4.  Try random study techniques in rapid succession

You will experiment with the highly technical “write things until you get tired of writing things” method, the Cornell Method, OneNote, and flashcards.  You will write these flashcards in impeccable hand-writing, with your new med school pens, and then set them aside.  You will find them 5 months later, shoved in a desk drawer.

Hey.  Cheer up.  You tried.

While you're at it, weigh the pros and cons of different study locations! ... Some pros will mean more than others.

5.  Your First Test Day

Wow, that really crept up out of nowhere, didn’t it?  You will ignore the advice of your professors, the Student Health people, and the second years – all of whom are constantly assuring your class that failing the first test is no big deal.

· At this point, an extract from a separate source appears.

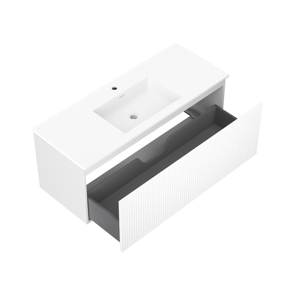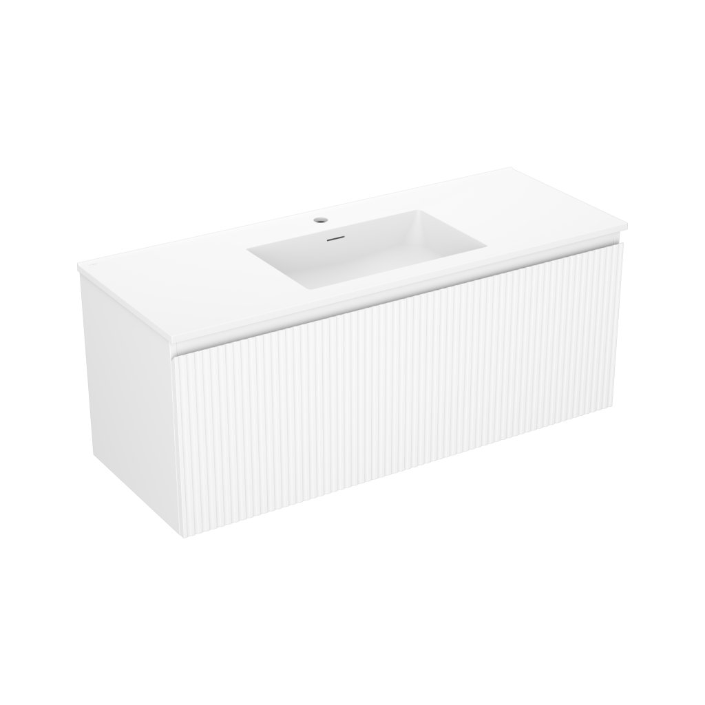 Mexen Rivel, koupelnová skříňka 120 cm s umyvadlem Otis, 1 zásuvka, drážkovaná, bílá matná, 91A20-12047-1-BF01-W18M01

You know the truth:  If you fail, you will be all alone in the world, fail the retake too, and then be fed to lions.  (Or even worse: summoned to the Dean’s office, where you will be subjected to a disappointed gaze.)

As you open the test and realize you don’t know the first question, you reflect on your options.  You decide that, if offered the choice, you’ll take the lions.

At the post-test party, a 2nd year will congratulate you on finding your med school groove.  “Now you know how to study!” they will say, clapping you on the back.

“But I don’t know how to study,” you’ll protest.  “I just did a bunch of random things and then freaked out at the end.”

“… Well, yeah,” the 2nd year will say.  “Like I said.  Now grab a beer.”

And now you know.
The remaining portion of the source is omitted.